A $349 record brush


In the current Absolute Sound Product of the Year section. They picked the Ramar Record Brush No. 1. Seems like most of the cost is a result of the wood casing. Claims it can get every single atom of dust. I thought my Hunt EDA Mark 6 was expensive. Anyone getting this under the Christmas Tree??

luxmancl38

For those of you who have decided to eschew TAS, while I completely understand and struggle with the implications at every renewal, here is why I have continued to subscribe.  Like life itself in order to prevent vertigo we need perspective.  If having resonable discussions in forums like this one provides a grounding, then rags like TAS provide a starry eyed perspective of what might not be practical in all cases, but perhaps what is possible in a dream.  Besides Mikey Fremer is now writing there and I do like to keep track of his musings.

With respect to the $350 brush all I have to say is: Oy Veh!

I still remember buying $349 5 ml High Fidelity solutions.Yes it’s crazy.

https://www.analogplanet.com/content/big-dust

This links Michael Fremer 's article comparaing the efficacy of several vinyl record brushes. 

The two that won his very un-scientific survey were brushes from Hart Audio ( Under US$100 ) and the Ramar. But it does appear that there are big differences in cleaning abilities. 

It was this article that launch the Ramar brand. On a seprarte video which I cannot find, the owner of Ramar, Rangel Vasev, bumped into Fremer in the corriodor of Munich Hi Fi show. He thanked Michael for allowing him to quit his daytime job and attend to  his small business full time. I had always associated Ramar with this video which I can't find. A young entrepreneur fulfilling his dream .... What's wrong with that?

I have pursed the high end for fifty years. In the beginning, all was done with a severely limited budget (while reading TAS... when it was a pamphlet). My speaker choices were ugly or even uglier, based solely on sound quality and cost. I learned over the decades and became more financially secure. In the last decade or so my decisions are easy because of my accumulated knowledge and far less cost based. My system sounds incredible and now looks beautiful.

So, when I read the article, I saw the beautiful wood and thought... now that fits with the aesthetic of my system. Great review. I’ll splurge. So, I bought one.

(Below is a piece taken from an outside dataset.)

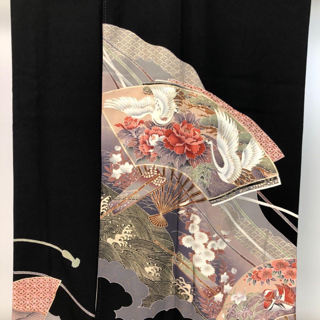 黒留袖 扇子に鶴 鶴 鴛鴦 組紐 金駒刺繍 K-5126 着物 きもの kimono 和服 和装 中古 リサイクル着物 【送料無料】

Apparently there is something I do not get about how to use the brush. Even after being instructed by the manufacturer... who was really nice on the phone. I can’t get it to do a good job... it just pushes the dust around. I thought maybe it was supposed to develop a charge and attract the dust. The manufacture told me it was carefully designed not to... there are special brissles to ground it... if I remember correctly. It is obviously me. There are lots of folks that love them... there was a long backlog to get one when I got mine.

I am sure I will give it a try again sometime. But for now I use Last with their general purpose cleaner to pull off the dust before playing an album. It performed the function so well it is an amazing.

The brush is beautiful, and looks nice next to my turntable. it cost a fraction of my cheapest interconnect... so, it does’t seem like that much of a stretch to have tried it. I am now retired, worked hard all my life (typically > 70 hours per week)... I am enjoying life... so it was a fun purchase.